LA FE
EXPLICADA
CAPÍTULO VI
EL PECADO ACTUAL
Sabemos que para que algo sea pecado mortal necesita tres condiciones. Si
faltara cualquiera de las tres, no habría pecado mortal.
En primer lugar y antes que nada, la materia debe ser grave, sea en
pensamiento, palabra u obra. No es pecado mortal decir una mentira infantil, sí
lo es dañar la reputación ajena con una mentira. No es pecado mortal robar una
manzana o un duro, sí lo es robar una cantidad apreciable o pegar fuego a una
casa.
En segundo lugar, debo saber que lo que hago está mal, muy mal. No puedo
pecar por ignorancia. Si no sé que es pecado mortal participar en el culto
protestante, para mí no sería pecado ir con un amigo a su capilla. Si he
olvidado que hoy es día de abstinencia y como carne, para mí no habría pecado.
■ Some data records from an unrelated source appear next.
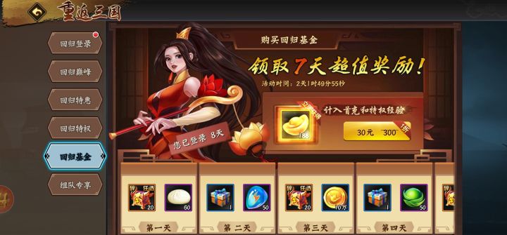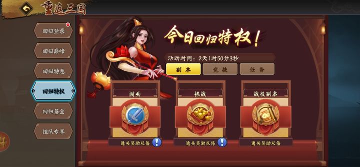 看到论坛玩家发帖询问,特地抽时间做这个帖子,新手玩家,有不懂的就发帖问。关于回归,一般建议16天以上,避免翻车,例如今天17号,那么你就算作18号回归,下个月3号上,如果你能熬夜,最好3号晚上12点上,这样可以等于回归11天,当天的任务去做,也是双倍。----第一次回归15天时间,第二次需要半年没登录,才可以回归,回归后。奖励10天时间的秘境双倍,宠物双倍,百战双倍,副本双倍,噩梦双倍,精
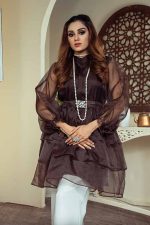 Exclusive Boutique’s New Party Wear Collection . This dress is made on Organza fabric having hand made belt, With Indian Raw Silk Ijar.This dress is available in small, medium and large size.
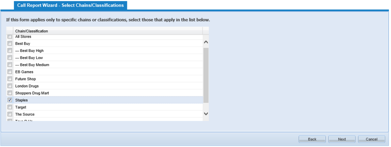 Classifications are used in a Store to define different support levels for a store chain. Following the Field Labor Guidance, the classifications would be Good, Better, Best. You can define your own classifications based on the support you provide to the retailer. See the Store Management section of this guide for information and setup of store classifications. You can choose one or many or all store chains or classifications. The call report will be made available to those store chains selected.
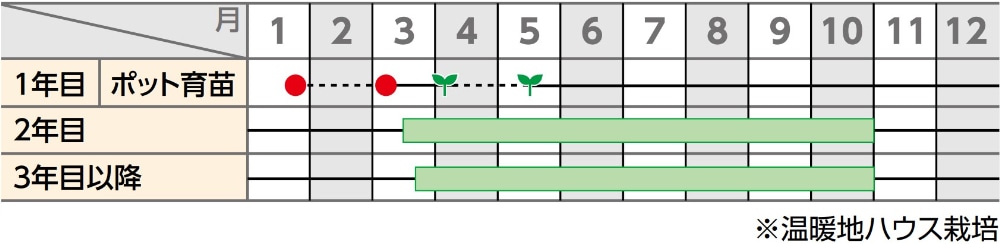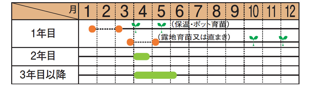 栽培のコツアスパラガスは、まず株を育てるのが大切。1年目は収穫せず、2年目も控えめに収穫。こうして我慢することで3年目以降はたくさん収穫できます。
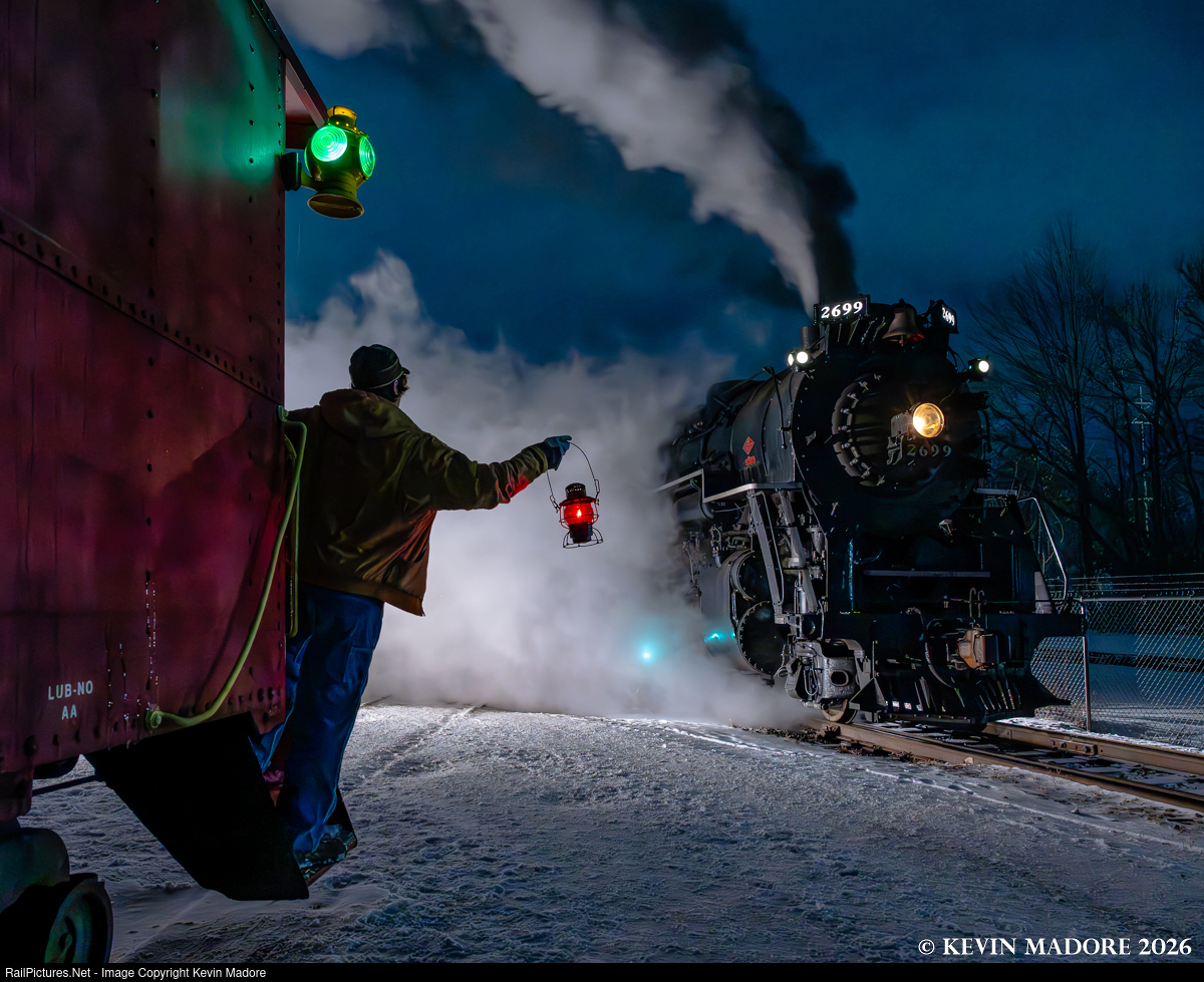 This image was captured in the Owosso Yard, on Michigan's Great Lakes Central Railroad. The featured locomotive is Pere Marquette Railroad N-1 Class, 2-8-4 "Berkshire" Locomotive #1225, which was re-lettered as C&O 2699 for a January 2026 photo shoot organized by Lerro Photography. The 1225 was re-lettered to represent the former PM N-Class Berkshires, which were renumbered when the Pere Marquette Railroad merged with the Chesapeake & Ohio in 1947.
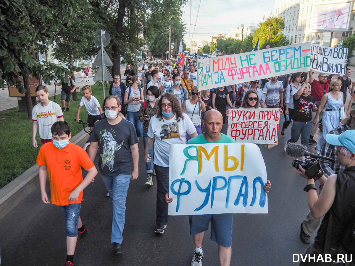 Скандирующие вновь прошли по протестному квадрату через все центральные улицы. Но в этот раз люди скандировали не только хорошо знакомые лозунги: «Наш край — наш Фургал», «Я, мы, он, она — за Фургала вся страна», «Верните нам Фургала», «Москва, уходи!», «Фургал наш выбор!». Добавились к этому и новые: «Хабаровск, выходи», «Позор Жириновскому», «Позор ЛДПР», «Жириновский предатель и лгун!», «Дегтярева домой!». Обновились и плакаты – в первых рядах стояли девушки с баннером «На чужой край — рот не разевай, в космос улетай».
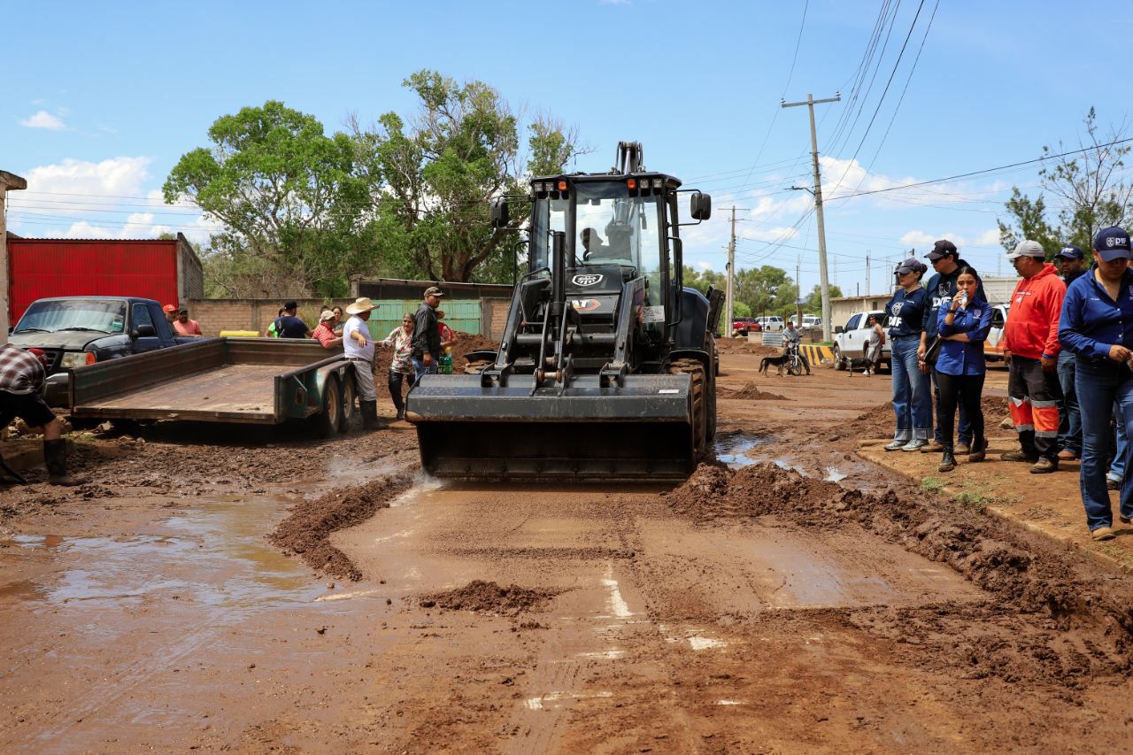 Además, el personal de Secretaría de Obras Públicas, con maquinaria, retiró el lodo y piedras que dañaron la entrada de la comunidad, dando cauce para que en las lluvias consecuentes no haya más afectaciones a la localidad.
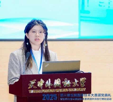 在这场高水平赛事中,世俱杯2025级中英会议口译专业7班肖薇同学表现出色,荣获译后编辑赛道全国一等奖,并作为获奖代表在颁奖典礼上发言,展现了世俱杯学子卓越的专业素养与技术应用能力。在发言中,肖薇分享了对人机协同翻译模式的体会。她表示,现代译者需兼具语言艺术家的细腻与技术专家的敏锐,不仅要打磨文字,也需善用工具。她认为,保持终身学习的能力、培养“语言+专业+技术”的复合素养,是应对技术革新的关键。
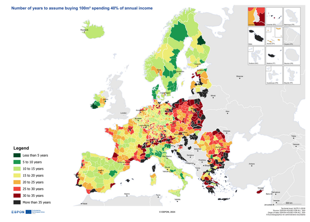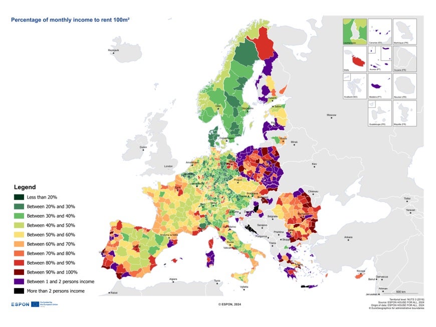 Para fazer este indicador teórico, o Observatório em Rede do Ordenamento do Território Europeu olhou para as regiões europeias (em NUTS III) e comparou os preços de vários anúncios online, verificados no dia 7 de março de 2024, com o PIB per capita (rendimento por pessoa).
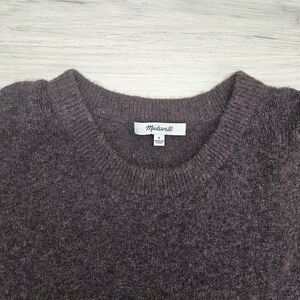 This Madewell sweater is a must-have for any fashion-forward woman. The brown color and button accents give it a classic look that is perfect for any occasion. The pullover style and alpaca wool material make it comfortable and easy to wear.
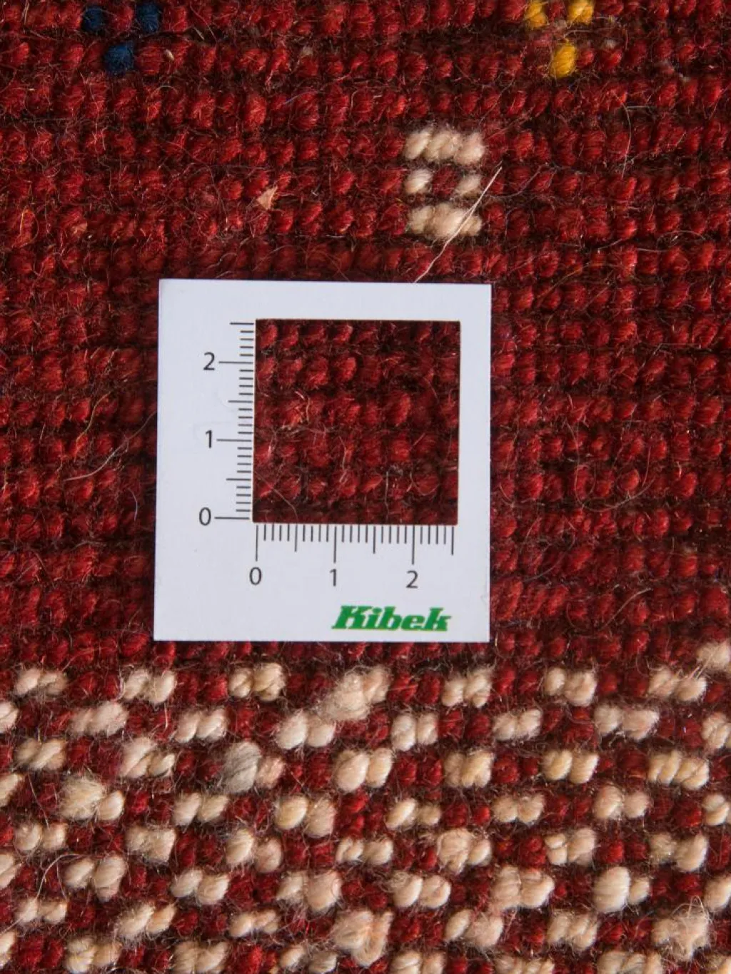 . Die Schur ist relativ hoch, der Griff fest. Die Muster sind meist schlicht oder eine Kombination mit traditionellen Mustern. Mustervorlagen gibt es nicht. Geknüpft werden alle Muster aus dem Kopf.| Gesamthöhe: | ca. 19 mm |
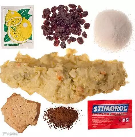 军队军粮 奶油马铃薯炖鳕鱼,燕麦饼干,葡萄干,能量饮料,速溶咖啡,口香糖,湿巾
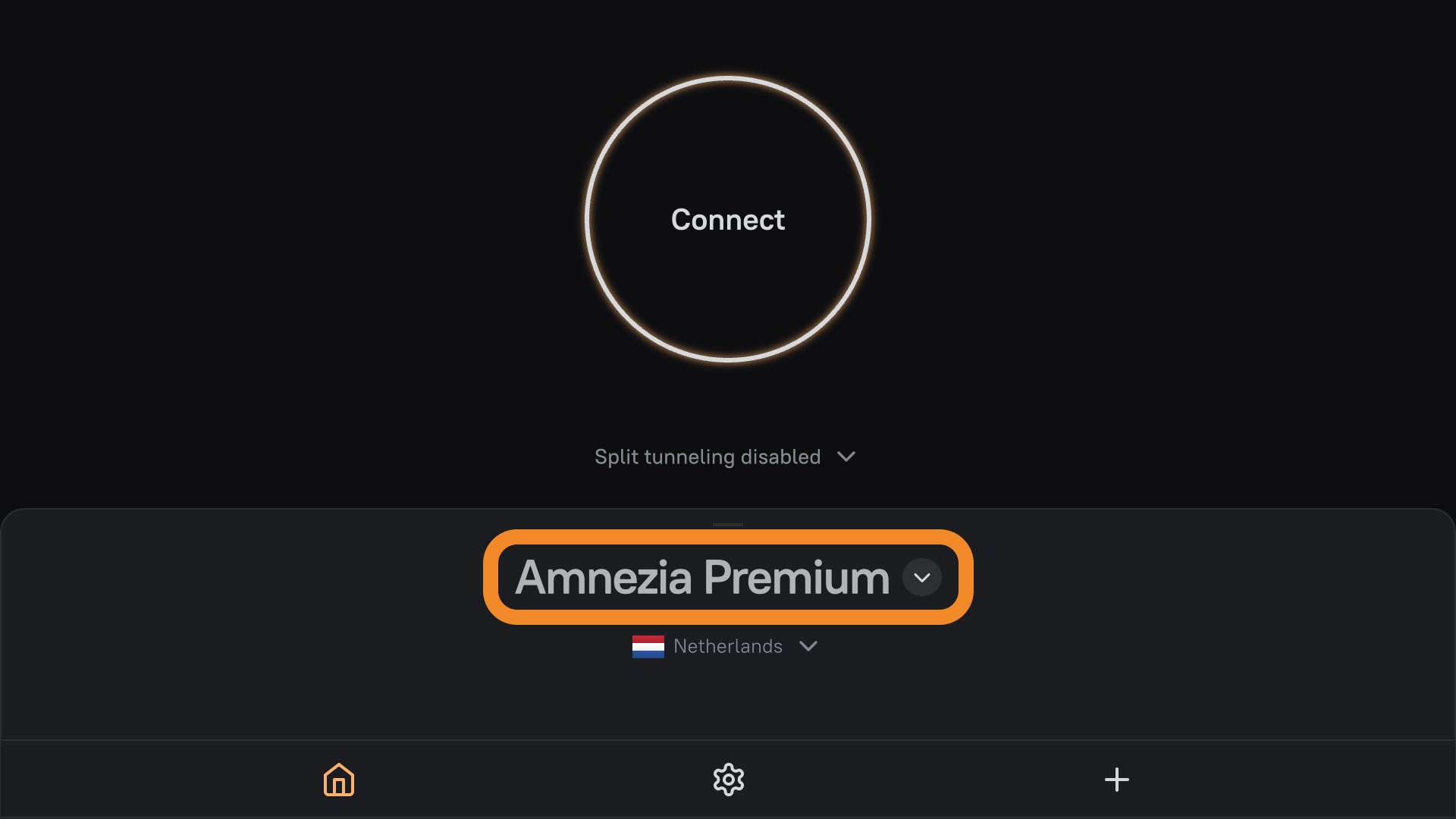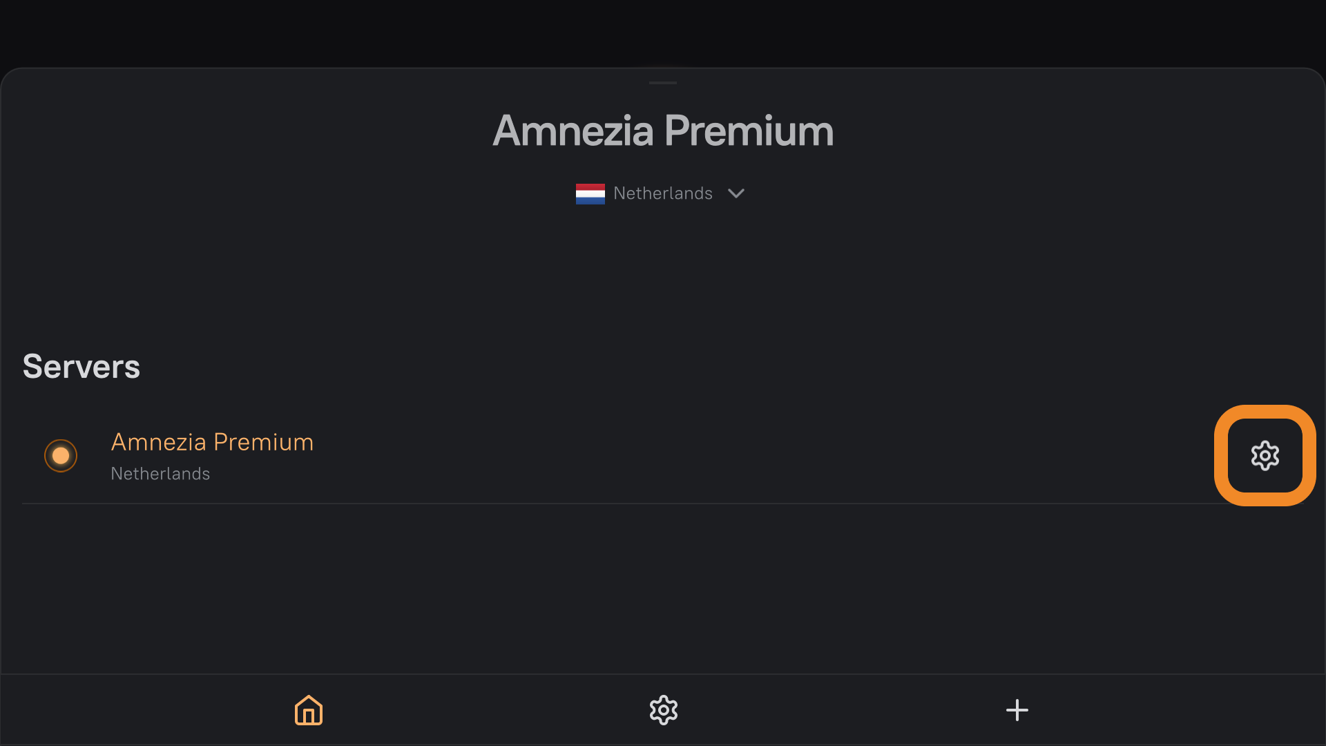 If you can’t open the Locations screen from the app’s Home screen, tap your Amnezia VPN connection, then tap the ⚙️ (gear) icon to the right of the Amnezia VPN — this opens the full list of locations you can connect to.

Esto presupone, claro está, que esta ignorancia no sea por culpa mía. Si no
quiero saber algo por miedo a que estropee mis planes, sería culpable de ese
pecado.
Finalmente, no puedo cometer un pecado mortal a no ser que libremente
decida esa acción u omisión contra la Voluntad de Dios. Si, por ejemplo,
alguien más fuerte que yo me fuerza a lanzar una piedra contra un escaparate,
no me ha hecho cometer un pecado mortal. Tampoco puedo pecar mortalmente por
accidente, como cuando inintencionadamente choco con alguien y se cae
fracturándose el cráneo. Ni puedo pecar durmiendo, por malvados que aparezcan
mis sueños.
Es importante que tengamos ideas claras sobre esto, y es importante que
nuestros hijos las entiendan en medida adecuada a su capacidad. El pecado
mortal, la completa separación de Dios, es demasiado horrible para tomarlo a la
ligera, para utilizarlo como arma en la educación de los niños, para ponerlo a
la altura de la irreflexión o travesuras infantiles.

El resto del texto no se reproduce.